# Need help on Age of Mythology multiplayer



## Kalyan (May 3, 2007)

Hi all..

  This looks a bit old but I tried to play Age of Mythology multiplayer game. I connected my friend's system on lan with my pc. I selected multiplayer mode, then 'LAN/Direct IP' option. when I give his ip address directly, the system just scans for 15 secs and says that it doesnt find anything. I tried this from both the systems and got nothing. 
      I tried to host a game from my system and the name I gave in my pc was shown in the other system I hosted a game and when my friend clicked to join, the pc scanned for 120 secs or so and after scanning, it found nothing. I did this process from both the systems but the result was the same.

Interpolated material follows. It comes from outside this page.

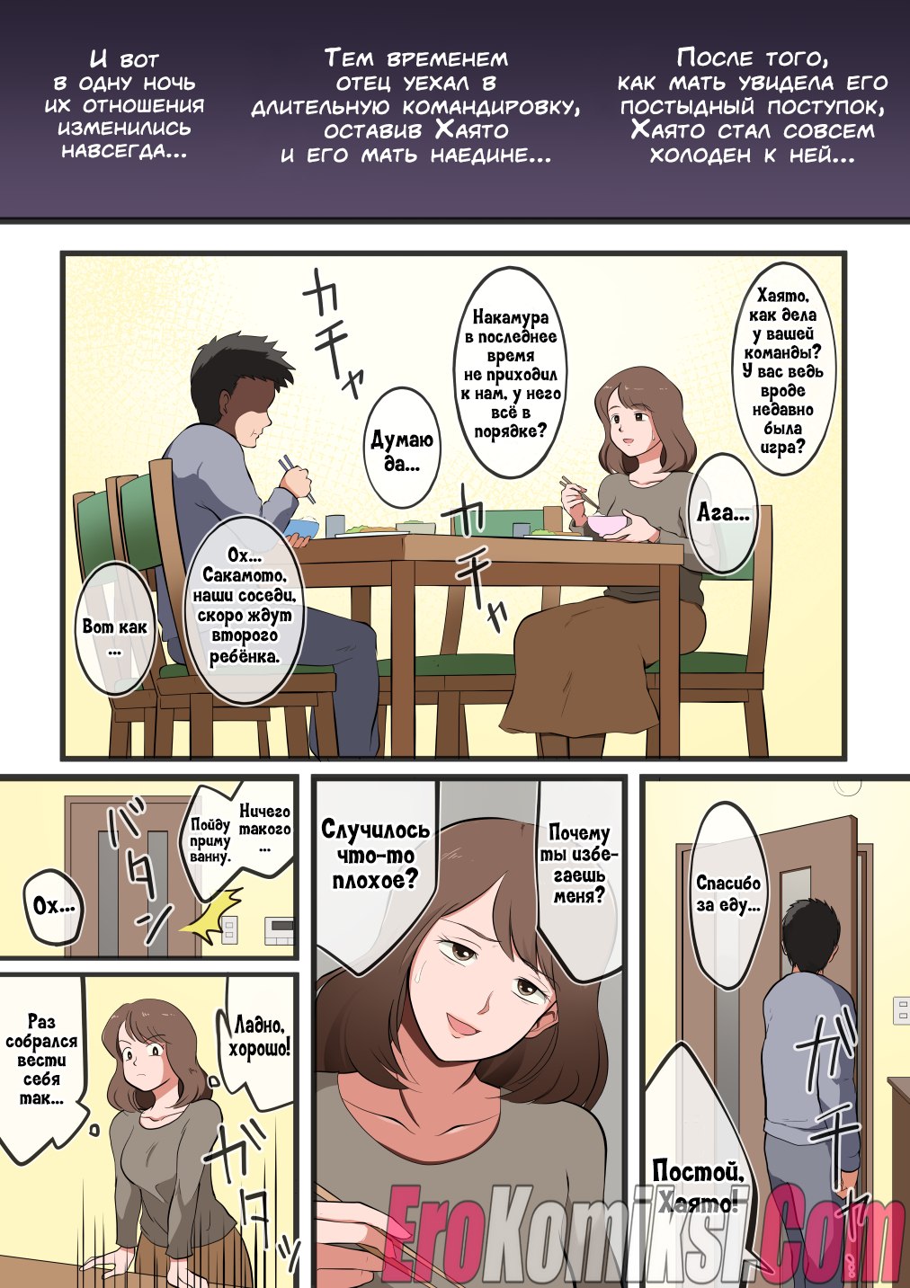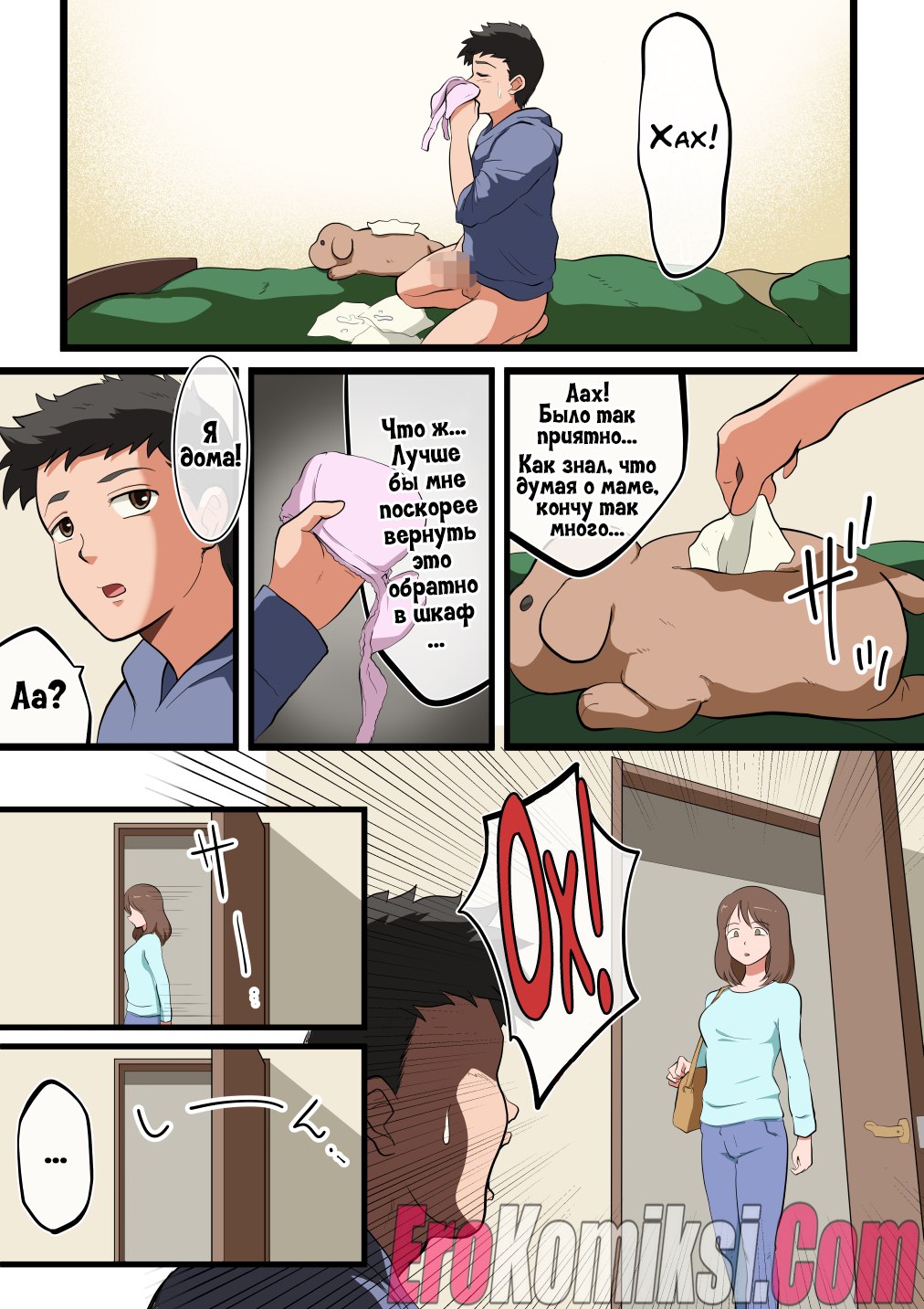 Порно комикс Моя мама слишком сексуальна. Хаято уже давно дрочит на бельё своей матери, мечтая о сексе с ней… Но вот однажды он так увлёкся этим делом, что забыл запереть дверь, а мама вернулась домой раньше чем обычно.

Please help me how to play the multiplayer game through LAN?
I got the security alert to block/unblock the other pc. I clicked on unblock. but no use.

 Thanks in advance


----------



## babi_surat (May 6, 2007)

your problem is with the firewall only!!!!!   

try this thing : 1. First host a game.
                    2. Then shut down your Fire wall(Xp and Antivirus both).
                    3.  Then tell your frnd to connect to your IP.. At that time with your firewall disabled they can connect with youur game(if LAN is SETUP properly).
                    4. Then after your fnds have connected just turn on the firewall.. Still now they will be connected.. if not then you have to disable the anti virus firewall..(XP firewall may continue).
                    5. you can now play with the game in multi player mode.


----------



## Goten (May 7, 2007)

I am playing this on LAN nowadays n really its troubling so I know every bit of it.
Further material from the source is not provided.